The Lib Dem leader seemed to disown his party’s policy when challenged by Ed Balls, writes John Rentoul
Brexit is “the elephant in the room of British politics”, Sir Ed Davey told the Liberal Democrat spring conference in York two months ago. He said that neither the Conservatives nor Labour wanted to talk about the costs of leaving the EU.
He said it was an elephant that the Lib Dems “always point to, even though other parties daren’t even whisper its name”. Yet when Ed Balls, the former shadow chancellor moonlighting as a presenter of Good Morning Britain, asked him about it, Sir Ed proved reluctant to say its name out loud.

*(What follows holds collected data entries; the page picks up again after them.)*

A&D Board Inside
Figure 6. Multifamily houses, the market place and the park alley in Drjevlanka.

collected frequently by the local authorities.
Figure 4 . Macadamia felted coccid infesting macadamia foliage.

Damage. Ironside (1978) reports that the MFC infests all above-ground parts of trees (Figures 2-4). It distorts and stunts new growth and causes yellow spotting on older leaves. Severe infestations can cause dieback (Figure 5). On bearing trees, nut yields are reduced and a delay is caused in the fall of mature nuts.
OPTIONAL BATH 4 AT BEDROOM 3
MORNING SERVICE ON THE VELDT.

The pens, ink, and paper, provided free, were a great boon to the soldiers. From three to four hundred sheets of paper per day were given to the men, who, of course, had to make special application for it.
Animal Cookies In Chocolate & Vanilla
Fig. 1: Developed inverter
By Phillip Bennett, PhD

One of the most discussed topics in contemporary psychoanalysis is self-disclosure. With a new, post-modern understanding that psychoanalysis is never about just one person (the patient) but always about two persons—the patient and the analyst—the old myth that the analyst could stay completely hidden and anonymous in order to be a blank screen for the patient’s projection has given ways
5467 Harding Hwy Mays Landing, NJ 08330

Balls asked him if he would push Sir Keir Starmer, the Labour leader, to reverse Brexit as part of a deal in the event of a hung parliament. The Lib Dem leader said that, “at the moment”, rejoining the EU “is not the issue; the issue is rebuilding trust with our European friends and neighbours”.
He resisted several attempts by Balls and Susannah Reid, his co-presenter, to accept that Lib Dem policy, as spelt out on the party’s website, is “ultimately” to rejoin the EU. So what is going on?

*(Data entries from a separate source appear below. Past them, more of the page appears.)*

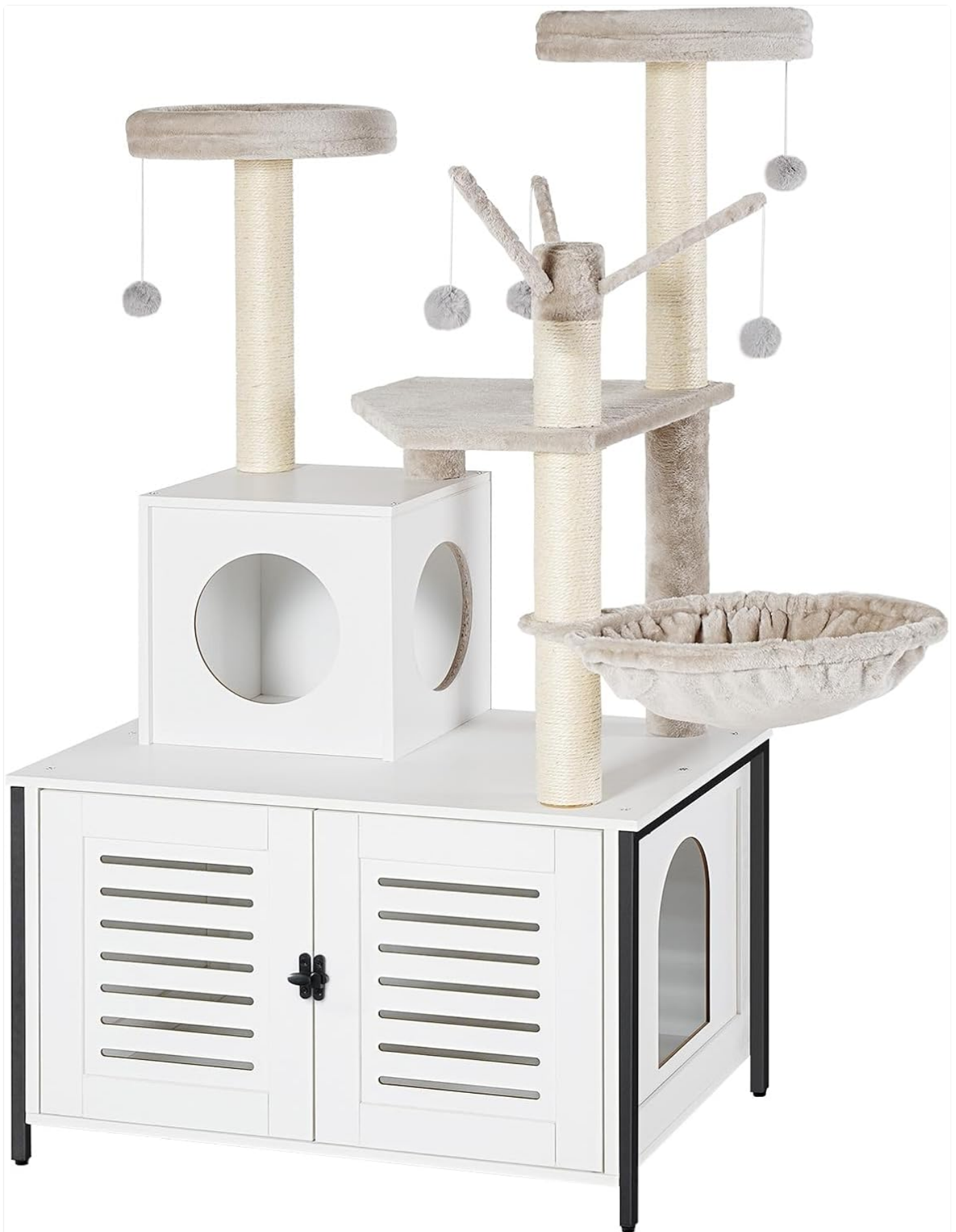
Image: Fully assembled HOOBRO Cat Tree, showcasing its multi-level design and integrated litter box enclosure.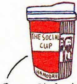
Taumafa faatasi se ipu kofe ma uo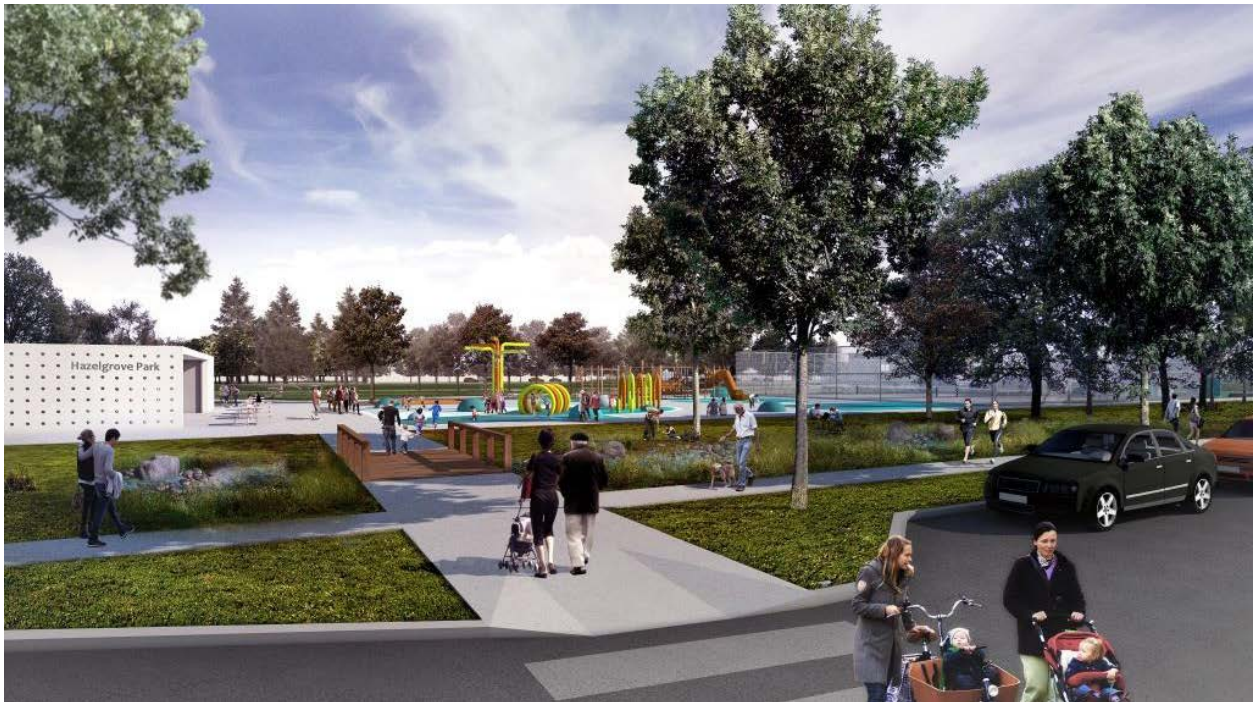
Rendition of pedestrian access into the park from 190 th St. at 71 st Ave. with a view of the bioswale, waterpark, and washroom.

The City of Surrey invites Expressions of Interest from professional artists or artist teams for a sculpture for a new park north of Hazelgrove Elementary School in East Clayton, Surrey.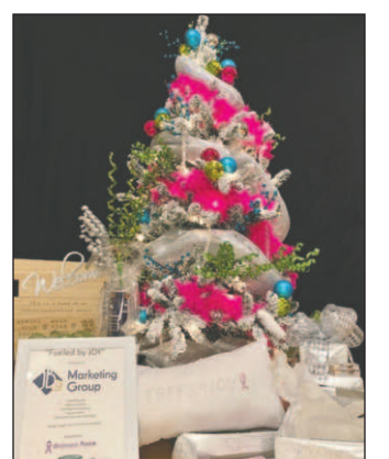
LEFT TO RIGHT: "Peppermint Dreams" - 12 Tribes Resort Casino knows that their senior community at Apple Springs Convalescent Center in Omak, misses playing their favorite casino games. "Angels Among Us" - Country Financial will deliver the Trees4JOY package to Confluence Health. "Fueled by JOY" - JBe Marketing Group, LLC. selected Wellness Place, a place where they give free resources to individuals, their families and caregivers through their cancer journey.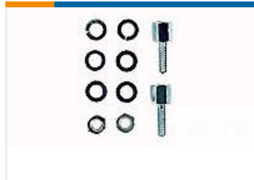
TE Part # 5207952-3 KIT SCREWLOCK FEMALE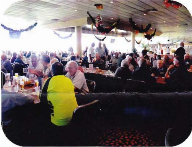
Everyone enjoying the meal and a chat with old friends.

The photo's below (thanks Kevin) captured some of those attending: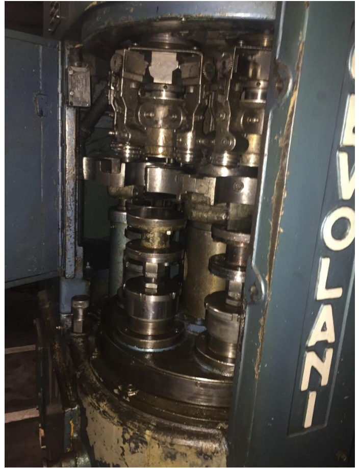
Cevolani AT 78 seamer CPN 5539 - Page 2 of 3

Many Lib Dem members cannot understand why their party leader is so reluctant to fill an obvious gap in the British political market, one which is an obvious fit for a party with a long history of support for EU membership.
Their puzzlement is shared by commentators. I wondered why the Lib Dems failed to become the “party of rejoin” immediately after the UK left the EU in the wake of the 2019 election. It seemed clear that a large proportion of Remainers would react to defeat by becoming more enthusiastic about the cause – just as pro-independence voters did in Scotland after 2014. I thought that this would give the Lib Dems a strongly motivated base of more than the 6 per cent of the electorate that supported them at the time.

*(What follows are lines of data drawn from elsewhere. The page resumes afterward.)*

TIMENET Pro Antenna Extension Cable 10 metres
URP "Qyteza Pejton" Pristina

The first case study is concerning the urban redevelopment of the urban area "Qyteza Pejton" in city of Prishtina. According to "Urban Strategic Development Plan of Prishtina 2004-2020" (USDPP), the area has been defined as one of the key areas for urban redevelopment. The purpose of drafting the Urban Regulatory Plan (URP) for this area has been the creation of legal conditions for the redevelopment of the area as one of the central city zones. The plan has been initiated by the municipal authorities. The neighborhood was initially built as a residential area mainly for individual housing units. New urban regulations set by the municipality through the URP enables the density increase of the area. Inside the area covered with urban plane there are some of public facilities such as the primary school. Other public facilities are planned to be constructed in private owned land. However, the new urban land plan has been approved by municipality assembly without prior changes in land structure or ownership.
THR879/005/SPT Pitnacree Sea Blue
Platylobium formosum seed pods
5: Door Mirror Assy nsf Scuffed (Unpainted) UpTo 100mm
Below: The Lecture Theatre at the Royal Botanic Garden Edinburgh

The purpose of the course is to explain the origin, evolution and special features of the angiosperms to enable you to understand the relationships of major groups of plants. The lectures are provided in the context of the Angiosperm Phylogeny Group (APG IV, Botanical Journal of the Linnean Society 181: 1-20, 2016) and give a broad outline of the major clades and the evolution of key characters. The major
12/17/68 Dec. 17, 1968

Last weekend, Matthew Parris, the former Tory MP and Times columnist, wrote an article headed, “Lib Dems, get off the fence and fight Brexit.” As opinion polls show a large majority of British people now think that Brexit was a mistake, he thought Sir Ed was continuing to miss a golden opportunity.
Lib Dem members, too, have pressed the issue against a leader who is reluctant to commit the party. Because the Lib Dems are an unusually democratic party, though, a compromise was thrashed out at its last annual conference – which was in 2021, because last year’s was cancelled after the death of the Queen.
The party’s official policy, therefore, is this: “After Brexit, we argue for developing much closer relations with the UK’s former partners in the EU, to the benefit of British citizens and British companies; and we will work to create the conditions through which the UK is able to join the EU once again.”
The policy document concludes with its vision of a Liberal Democrat future, including: “Britain is once more a member of the EU, working with its European neighbours to tackle the major challenges of the century.”
Sir Ed is happy to have rejoining the EU as a distant objective, with a better relationship the short-term goal. I assume that his plan is to make the Lib Dems the natural home of second preferences and protest votes all over the UK, and he certainly has had stunning successes in restoring the Lib Dems to their former glory as by-election winners.
He must feel that to brand the Lib Dems as the party of rejoin would give a large section of the electorate a reason for not voting for them. So when he said at that spring conference in York in March that he would “shout” about the elephant in the room, all he said was: “If you want to boost our economy, you have to repair our broken relationship with Europe.”
As his interview on Good Morning Britain revealed, he is in the strange position of complaining that no one will mention the large tusked land animal in the room, while still refusing to call it an elephant.